> What you have to do:
Your copy begins at the line with "Jewellery- Regular price" and runs through the end of the data below. Set down only those lines exactly, without pictures.

> Source data:
::::::::::
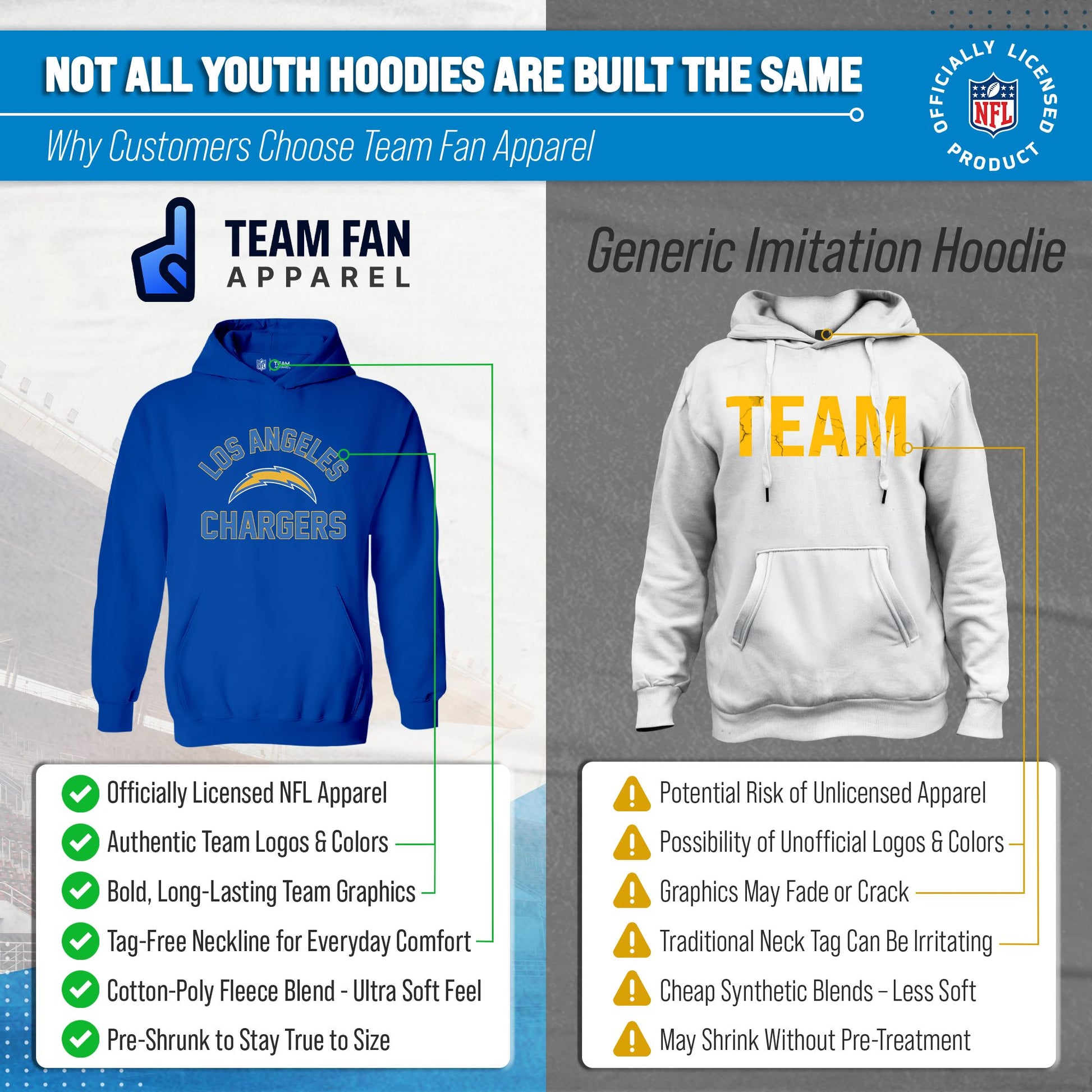Our youth gameday Los Angeles Chargers football pullover hoodie with a front pouch pocket is the ideal sweatshirt to wear on gameday. This Chargers hoodie for kids is comfortable and great for showing team pride all year long. This is an essential piece of girls and boys football apparel for pro football fans. Our team-colored hoodie sweatshirts are the perfect fan apparel for school and sports games. This hooded pullover with a pocket is ideal for warm or cold weather games. Chargers football pullover hoodie is made from a cotton poly blend material with raglan sleeves. These youth pro football sweatshirts have high quality features. Our youth gameday pullover hoodies feature 1x1 ribbing at cuffs and waistband. This Los Angeles hoodie youth sweatshirt has a twill neck tape. The raglan sleeves add a sophisticated look to these pro football team hoodies for boys and girls. This tagless sweatshirt ensures the most comfortable fit for boys and girls. The standard fit makes our football team hoodies for boys and girls the perfect kids sweatshirt for young fans. The thermal printed graphics are high definition, true to authentic team color, and resist fading. Our hoodies also make the best Chargers gifts for boys and girls. Youth football apparel is the perfect birthday gift for any professional sports fan. Our youth football team hoodies for boys and girls are great for wearing to school, the stadium, or while you're watching the game at home.
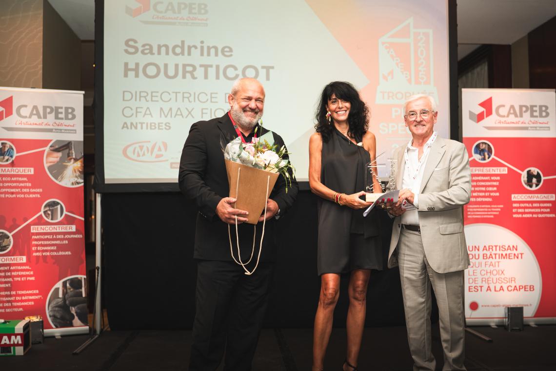 Sandrine HOURTICOT, directrice du CFA du Bâtiment Max FIORINI à Antibes. Depuis2010, elle a traversé avec brio, toutes les grandes transformations subies parle CFA (de la régionalisation à la réforme de la formation professionnelle)et permis au CFA Max FIORINI de demeurer le fleuron des CFA de la région.
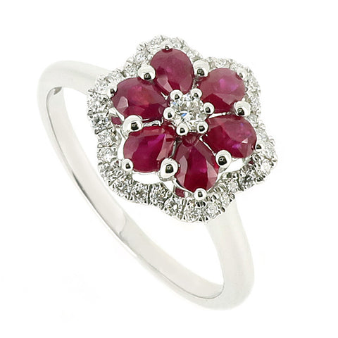 Ruby and diamond floral cluster ring in 18ct white goldVendor:Ruby and diamond floral cluster ring in 18ct white goldPA Jewellery- Regular price
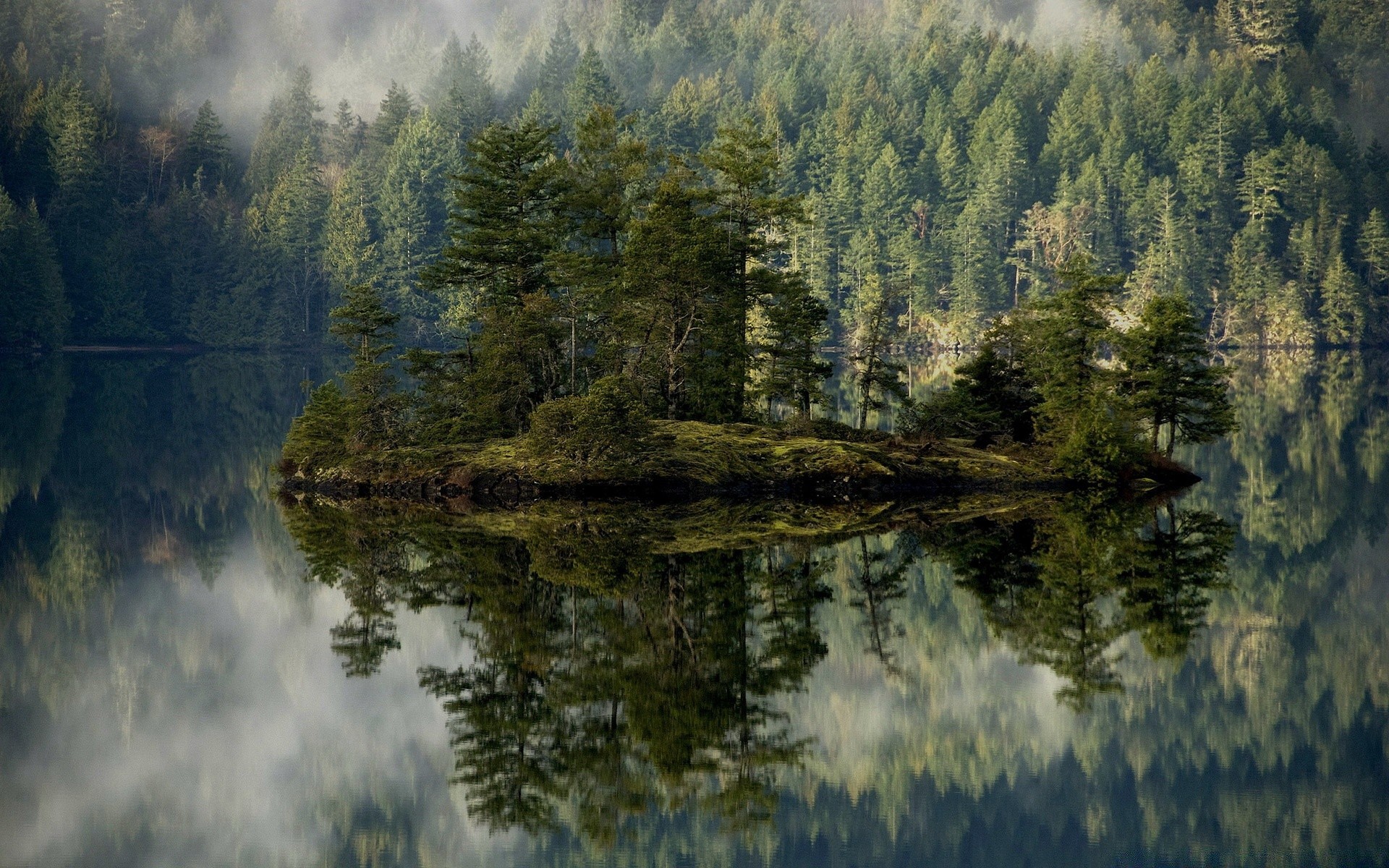 Notte. Il fuoco sta bruciando. Il riflesso della foresta nel lago è perfetto
::::::::::
> Answer space:
 Ruby and diamond floral cluster ring in 18ct white goldVendor:Ruby and diamond floral cluster ring in 18ct white goldPA Jewellery- Regular price
 Notte. Il fuoco sta bruciando. Il riflesso della foresta nel lago è perfetto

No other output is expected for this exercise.